* Work to be completed: Reproduce each line, exactly, from the one containing "O IPVA 2012" through the end of the material. Exclude pictures.
----- Data excerpt -----
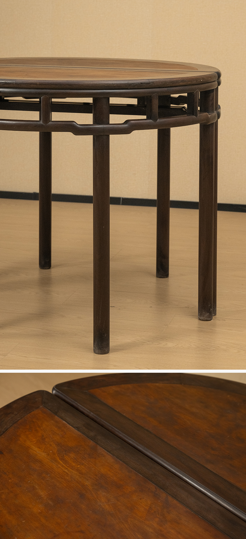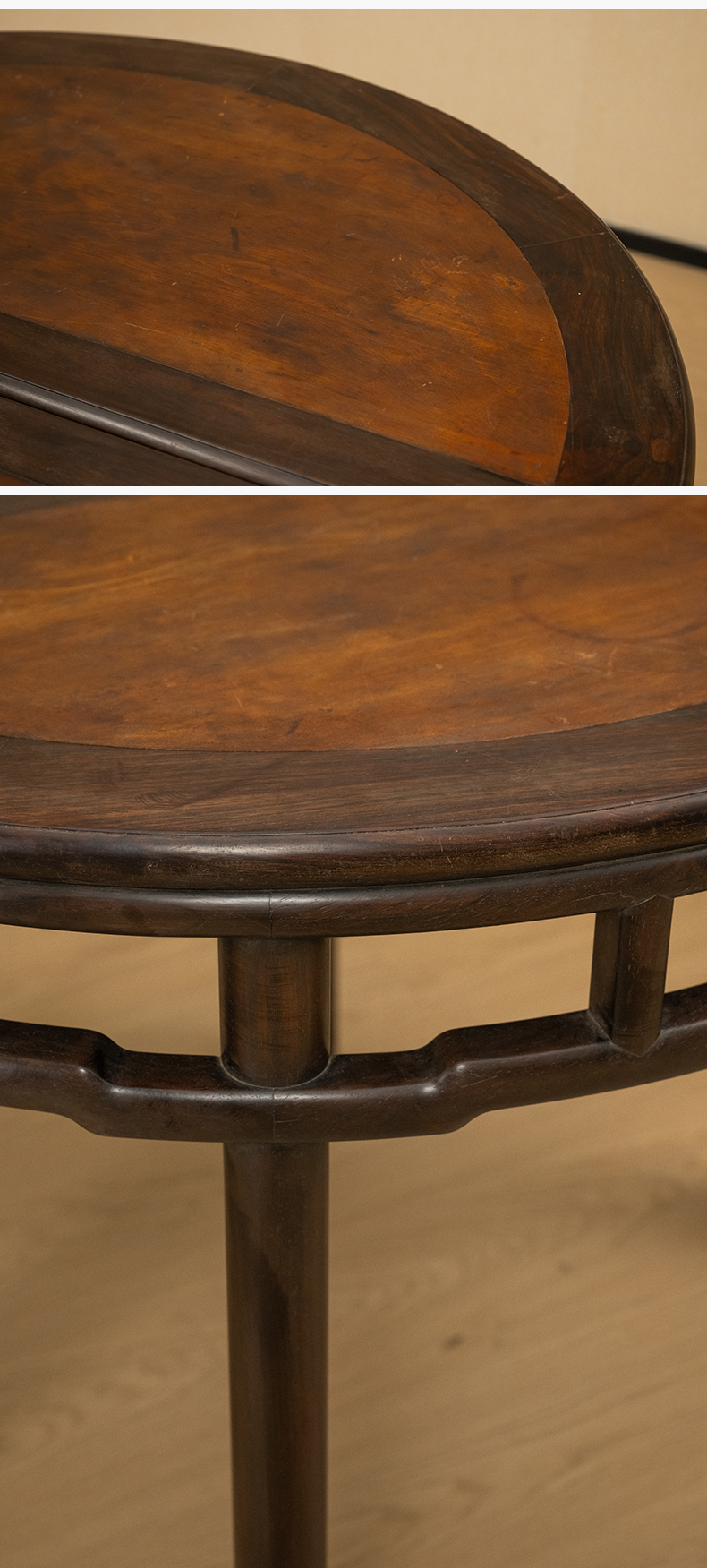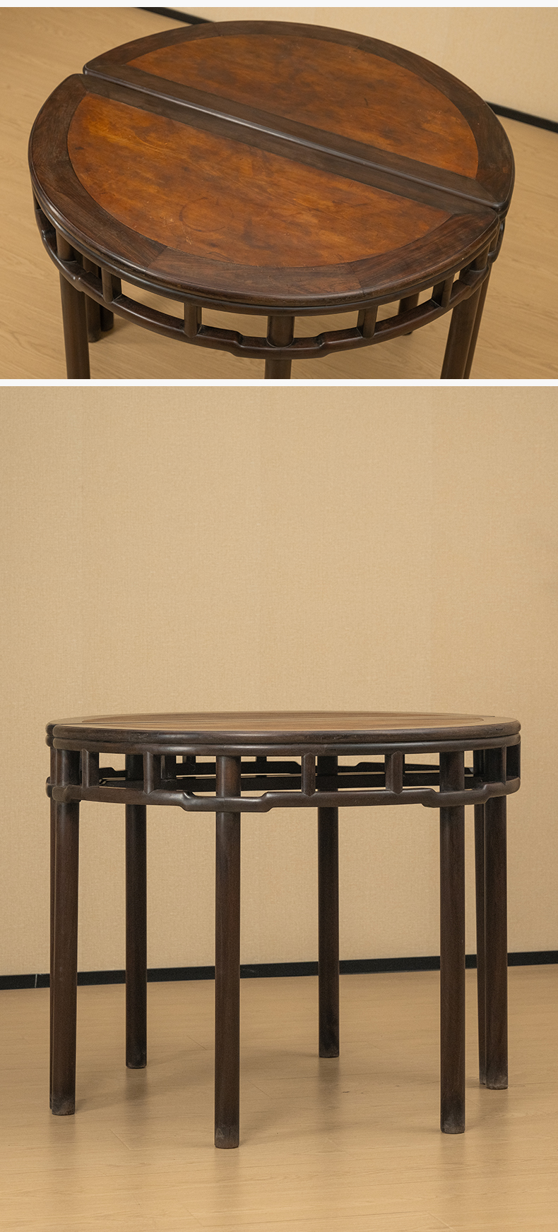 清 红木镶楠木面圆包圆罗锅枨矮栳月牙桌(一对)
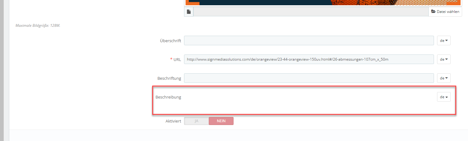 SMSgmbh Posted July 29, 2022 Share Posted July 29, 2022 Hallo, nachdem ich heute aufgrund von PHP-Script auf Version 1.7.8 upgedatet habe, kann ich im Modul "Bilder Slider" leider keine Beschreibung mehr eingeben...die bisherigen Beschreibungen werden aber im Frontend angezeigt...allerdings kann ich nun keine neuen Slider mehr mit Beschreibungen versehen, bzw. bestehende Beschreibungen nicht mehr anpassen... Jemand ne Idee? hler Link to comment Share on other sites More sharing options...
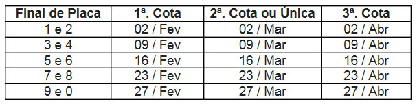 O IPVA 2012 pode ser pago em cota única ou parcelado em três vezes. Para quem optar por cota única, o pagamento está previsto para o mês de março, já para os contribuintes que decidirem parcelar, o prazo da primeira parcela é 2 de fevereiro para os proprietários de veículos com final de placa 1 e 2. Como todos os anos, o pagamento é realizado de forma escalonada, com base no final da placa dos veículos. Veja a tabela:
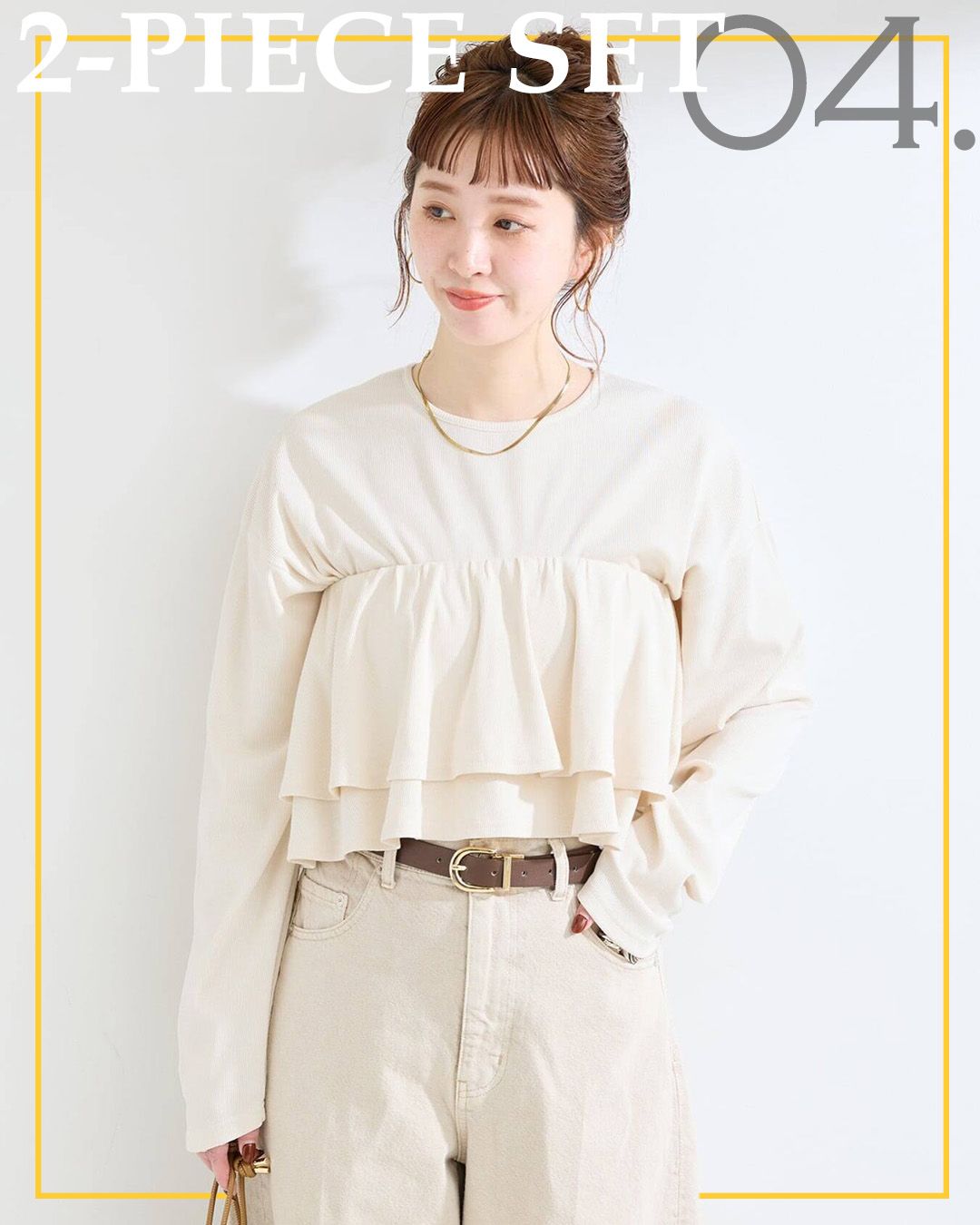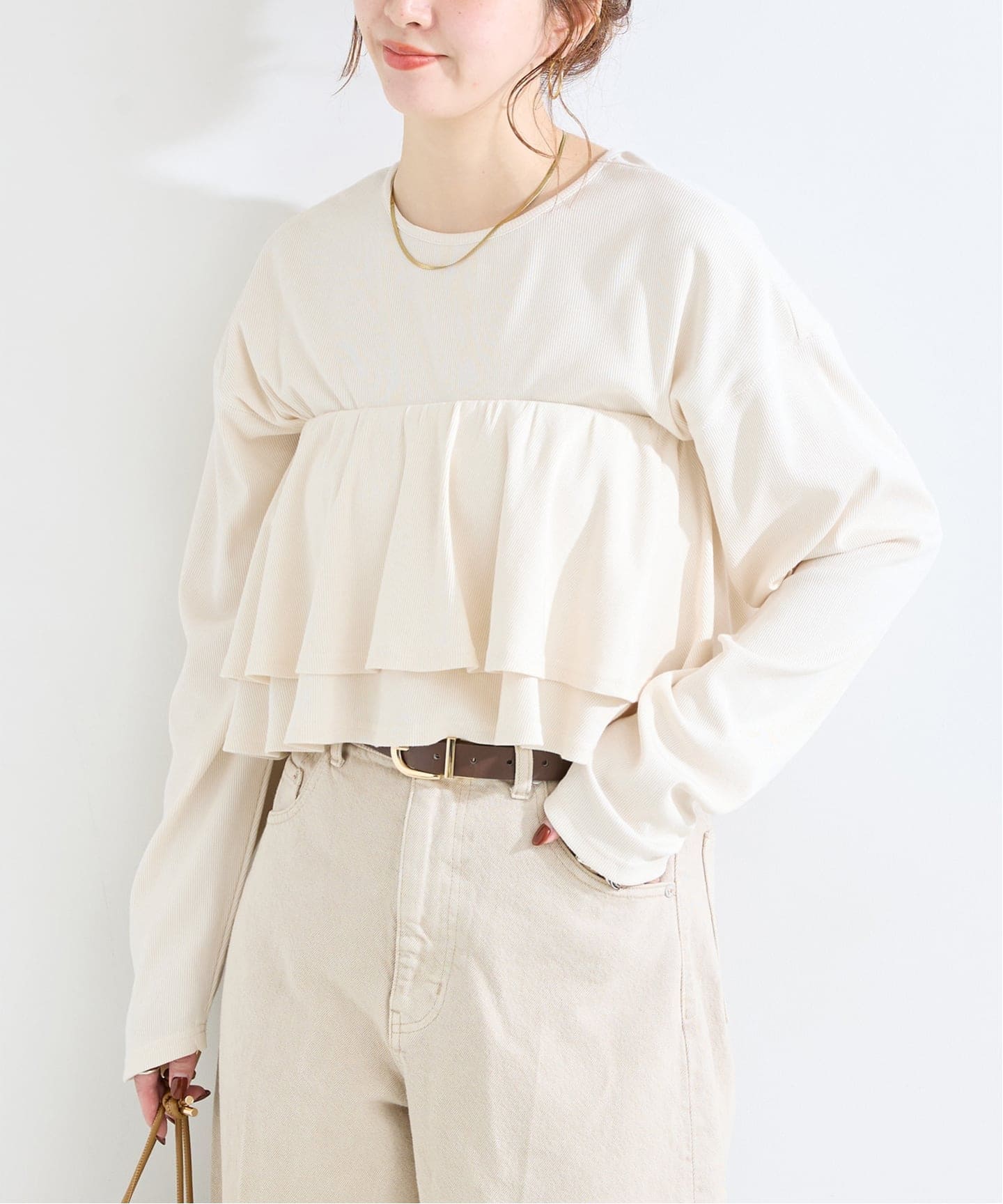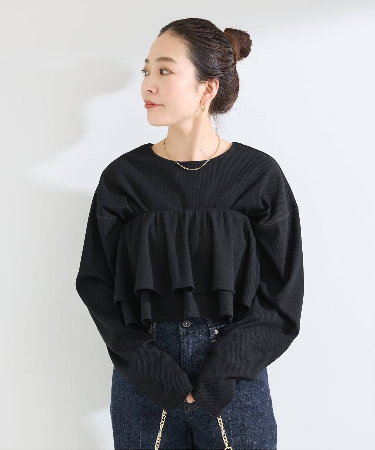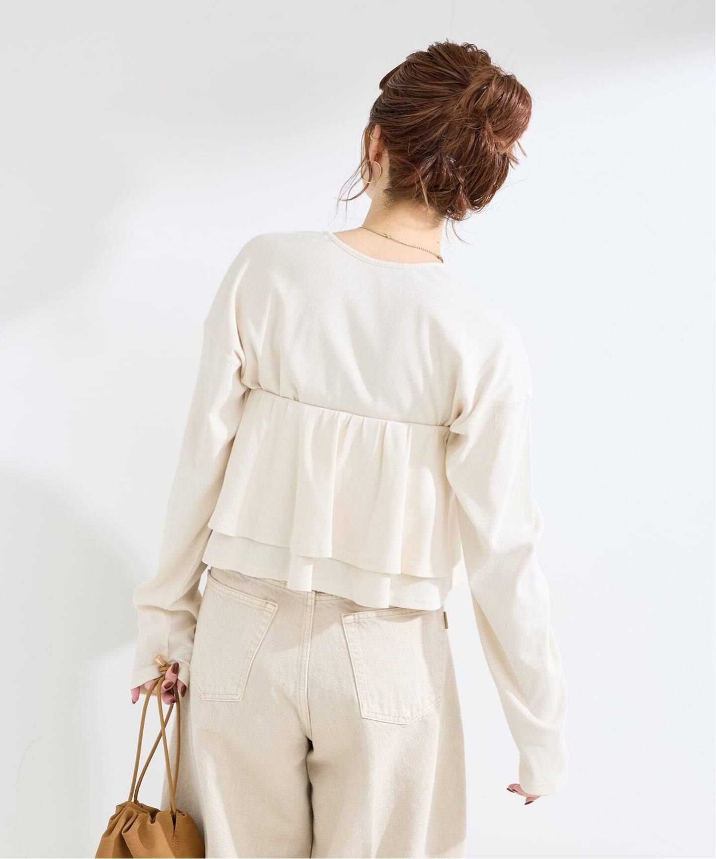 裾ラウンドのカットソーと二段フリルのカットソービスチェがセットになったアイテム。胸元でレイヤードしてビスチェとしてももちろん、ウエストまで下げて切り替え風にも。
-----
* Task result:
 O IPVA 2012 pode ser pago em cota única ou parcelado em três vezes. Para quem optar por cota única, o pagamento está previsto para o mês de março, já para os contribuintes que decidirem parcelar, o prazo da primeira parcela é 2 de fevereiro para os proprietários de veículos com final de placa 1 e 2. Como todos os anos, o pagamento é realizado de forma escalonada, com base no final da placa dos veículos. Veja a tabela:
 裾ラウンドのカットソーと二段フリルのカットソービスチェがセットになったアイテム。胸元でレイヤードしてビスチェとしてももちろん、ウエストまで下げて切り替え風にも。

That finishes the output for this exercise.